В. А. Злобин, литературный секретарь Мережковских с 1916 года, живший с ними в эмиграции в качестве третьего члена их семьи и хорошо знавший Гиппиус не только как литератора, но и с закулисной стороны – в разных передрягах эмигрантской жизни, в домашнем быту, пишет: «…между той Зинаидой Николаевной, которую мы знаем, и той, какой она была на самом деле, – пропасть».
«Декадентская мадонна», «белая дьяволица» (образ из романа Мережковского «Воскресшие боги»), вызывающая и дерзкая «ведьма», вокруг которой роятся слухи, сплетни, легенды и которая их деятельно умножает. Бравадой, с какой читает на литературных вечерах свои «кощунственные» стихи, знаменитой лорнеткой, которой близорукая Гиппиус пользуется с вызывающей бесцеремонностью, ожерельем, сделанным из обручальных колец ее женатых поклонников, а поклонников ее поэзии была тьма.
На открытие Религиозно-философских собраний, в организацию которых она вложила так много энергии и надежд, она явилась в глухом черном просвечивающем платье на розовой подкладке, и при каждом движении создавалось впечатление, что она под ним голая. Почтенные церковные иерархи, пришедшие обращать интеллигентов в истинную веру, косились на нее и стыдливо отводили глаза.
Гиппиус женственна, элегантна, обаятельна. «Высокая стройная блондинка с длинными золотистыми волосами и изумрудными глазами русалки», – так описывает ее издатель журнала «Новый путь» П. П. Перцов. Издательница журнала «Северный вестник» Л. Я. Гуревич вспоминает ее «светлые прищуренные глаза, в которых было что-то зовущее и насмешливое, она не могла не обращать на себя всеобщего внимания…».
Гиппиус была не просто умная, а очень умная женщина. Не тем умом, который может строить логически непротиворечивые силлогизмы, хотя в логике, даже в мужской логике отказать ей трудно. А тем умом, который видит дальше, видит выше. Она притягивает к себе людей не только внешностью и поэтической славой, но и обаянием своей незаурядности, остротой и беспощадностью критического чутья, силой и глубиной мысли. И отталкивает надменностью, злой и беспощадной насмешливостью, холодным экспериментированием над людьми. Она как будто вменяет себе в обязанность – быть злой, придирчивой, высокомерной.
Ее острый интерес к новым людям быстро сменяется презрительным безразличием, которого она не скрывает. Дерзить людям, провоцировать их, конфузить, бросать в краску – ее любимые развлечения, и при ее уме делать это было несложно. Примеров таких ее шуток и забав в мемуаристике множество, и обид, ею нанесенных, не счесть. Сама же Гиппиус равнодушна к тем неисчислимым оскорблениям в свой адрес, на которые, в частности, нисколько не скупились критики и фельетонисты, как вообще равнодушна к литературным мнениям и и к своей литературной славе.

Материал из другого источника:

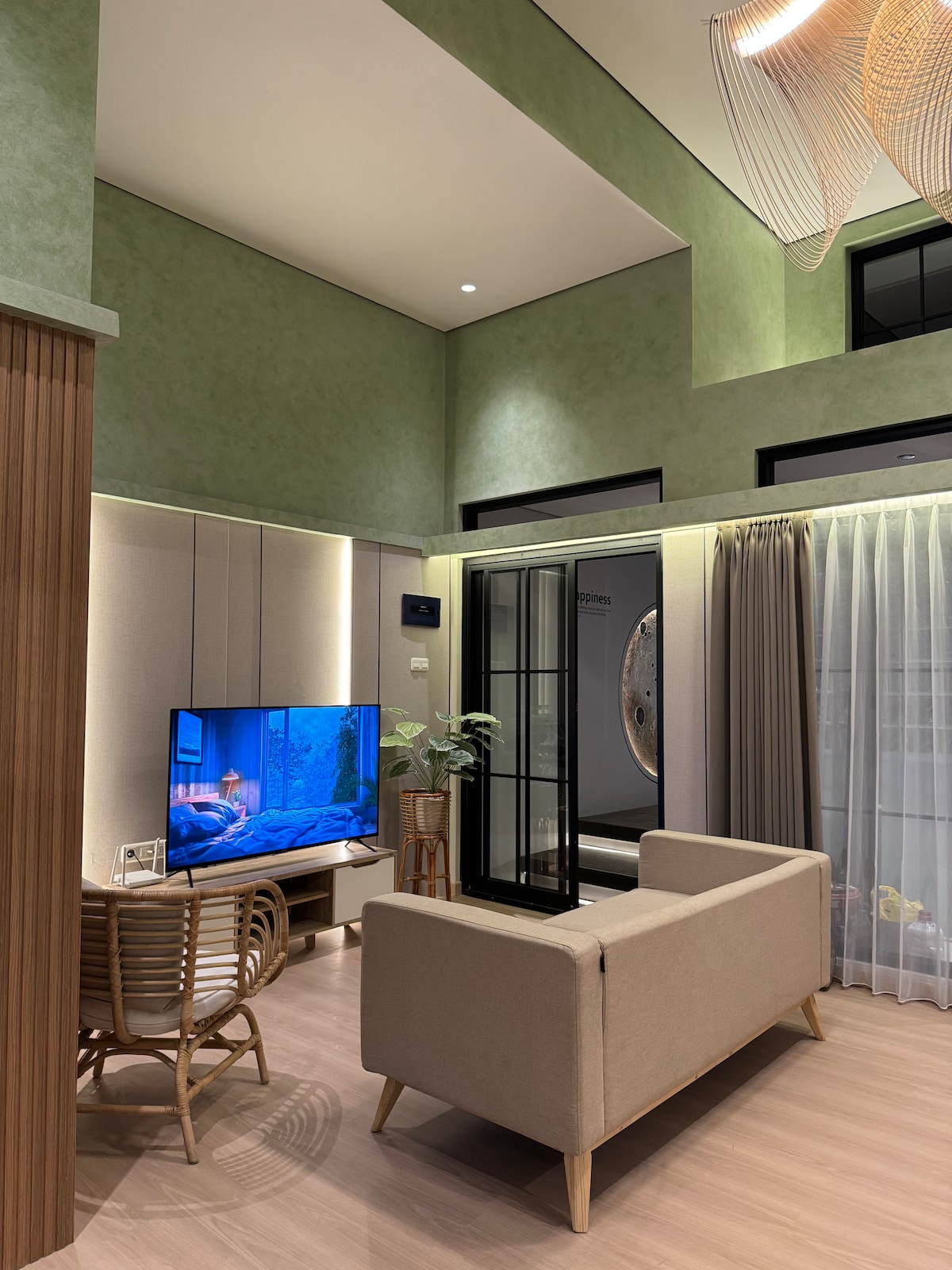 Mizu Haven, a calm and cozy home in Kota Baru Parahyangan. Designed with a mix of Japanese and Scandinavian styles, this peaceful retreat has a private pool and comfortable spaces for you to relax. Perfect for families or anyone looking for a quiet getaway. Unwind, recharge, and enjoy a refreshing stay!
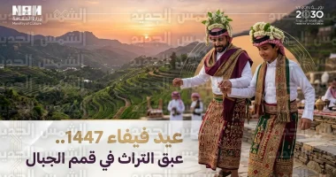يبرز “الزي الفيفاني” كأحد أهم ركائز العيد، حيث يزدان الرجال والشباب بالنباتات العطرية (مثل الكادي والبعيثران) التي تفوح شذاها في المصليات والمجالس، في مشهد يعكس التناغم بين إنسان الجبل وطبيعته الساحرة، ومع غروب شمس اليوم الرابع من شهر شوال، تصدح الميادين بأصوات الطبول التي تمتزج مع الأهازيج، مؤكدة على صمود هذا التراث وازدهاره في ظل الرعاية الكريمة التي يحظى بها القطاع الثقافي في المملكة.

Особенно любила Гиппиус, когда ее величали «ведьмой». Это было как награда за прилежание, как признание, что тот демонический образ, который она внедряла в сознание современников, ими усвоен. Ей доставило бы немалое удовольствие, если бы она услышала, как герой ее мемуарного очерка В. В. Розанов однажды с опаской сказал: «Это, я вам скажу, не женщина, а настоящий черт – и по уму и по всему прочему, Бог с ней, Бог с ней, оставим ее…».
То, что Гиппиус преднамеренно творила вокруг себя все эти «безобразия», не вызывает сомнений. Но создается ощущение, что, прибегая к «игре», столь ценимой ею за «бескорыстие» и «загадочность» (см. ее стихотворение «Игра»), она сознательно переключает внимание, наводит на ложный след, отвлекает от себя, скрывая под «литературной маской» свое истинное лицо, которого не хочет обнаруживать. Она прятала лицо не только в переносном смысле, но и в буквальном: в мемуарах встречаются упоминания о том, как странно она пользовалась косметикой, накладывая на свое нежное прозрачное лицо толстый слой пудры кирпичного цвета – вопреки моде и даже приличиям. А ее странные наряды? На них в недоумении оглядывались прохожие и в Петербурге, и в Париже.
В ее письмах В. Ф. Ходасевичу мелькает слово «иммунитет». А в одном из ранних дневников Гиппиус есть такая запись: «Я думаю, я недолго буду жить, потому что, несмотря на все мое напряжение воли, жизнь все-таки непереносно меня оскорбляет. Говорю без определенных фактов, их, собственно, нет. Боль оскорбления чем глубже, тем отвратительнее, она похожа на тошноту, которая должна быть в аду. Моя душа без покровов, пыль садится на нее, сор, царапает ее все малое, невидимое, а я, желая снять соринку, расширяю рану и умираю, ибо не умею [еще] не страдать».